With regard to Adjusted EBIT, the Group believes that the adjustment (which defines Adjusted EBIT) has been made in order to represent the Group's operating performance, net of the effects of certain events and transactions. This adjustment relating to certain charges was necessary in order to ensure better comparability of the historical data relating to the financial years in question, as these include cost items related to corporate phenomena that are not attributable to the normal operating management of the Group's business, as well as costs for professional services relating to the extraordinary merger & acquisition operations. In order to improve the comparability of operating performance, the Group also excludes from the calculation of Adjusted EBIT the tax credit for MTA listing costs, the costs of accounting for Stock Options and Stock Grants (IFRS2) and the amortisation and depreciation of fixed assets deriving from the Purchase Price Allocation; customer list amortisation, platform amortisation and Data Center amortisation, relating to acquisitions.

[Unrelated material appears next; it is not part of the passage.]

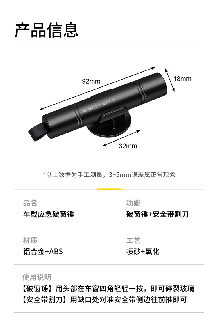 【产品名称】:汽车破窗器逃生锤应急消防多功能安全锤撞针隐藏割刀车载安全用品

Adjusted EBIT Margin - is an index measuring the profitability of the Group's sales. It is calculated as the ratio of Adjusted EBIT to Total Adjusted operating revenues and income.

Adjusted net result – is a non-GAAP measure used by the Group to measure its performance. Adjusted net result is calculated as the profit for the period, excluding the costs relating to extraordinary merger and acquisition transactions, the tax credit for MTA listing costs, the Put&Call option adjustment costs, the costs of accounting for stock options and stock grants (IFRS 2), financial expenses relating to the closure of loan agreements and the amortisation of fixed assets deriving from the Purchase Price Allocation; Customer list amortisation, platform and Data Center amortisation, referring to acquisitions, the income deriving from the difference between the estimated purchase price of investments and the price actually paid and the related tax effects on the excluded items.

Net Financial Debt - represents a valid indicator of the Group's financial structure. It is determined in accordance with the provisions of Consob Communication no. 5/21 of 29 April 2021 and in compliance with ESMA Recommendations 32-382-1138. It is presented in the notes.

Adjusted net financial position - represents a valid indicator of the Group's financial structure. It is determined in accordance with Consob Communication no. 5/21 of 29 April 2021 and in compliance with ESMA

Recommendations 32-382-1138, including, where applicable, other non-current assets relating to security deposits and excluding trade payables and other non-current payables. It is also presented in the net variant for the effects of IFRS 16. This measure is presented in the report on operations.

Adjusted Total operating revenues and income - is a non-GAAP measure used by the Group to measure its performance. The measure Adjusted Total operating revenues and income is calculated as Total operating revenues and income as per the income statement in accordance with IFRS from which the non-recurring element linked to the listing costs tax credit classified under the item "Other revenues and income" was subtracted in 2020. It should be noted that Adjusted Total operating revenues and income is not identified as an accounting measure as part of the IAS/IFRS adopted by the European Union. Consequently, the calculation method applied by the Group may not be consistent with that adopted by other Groups and, therefore, the balance obtained by the Group may not be comparable with the balances determined by the latter.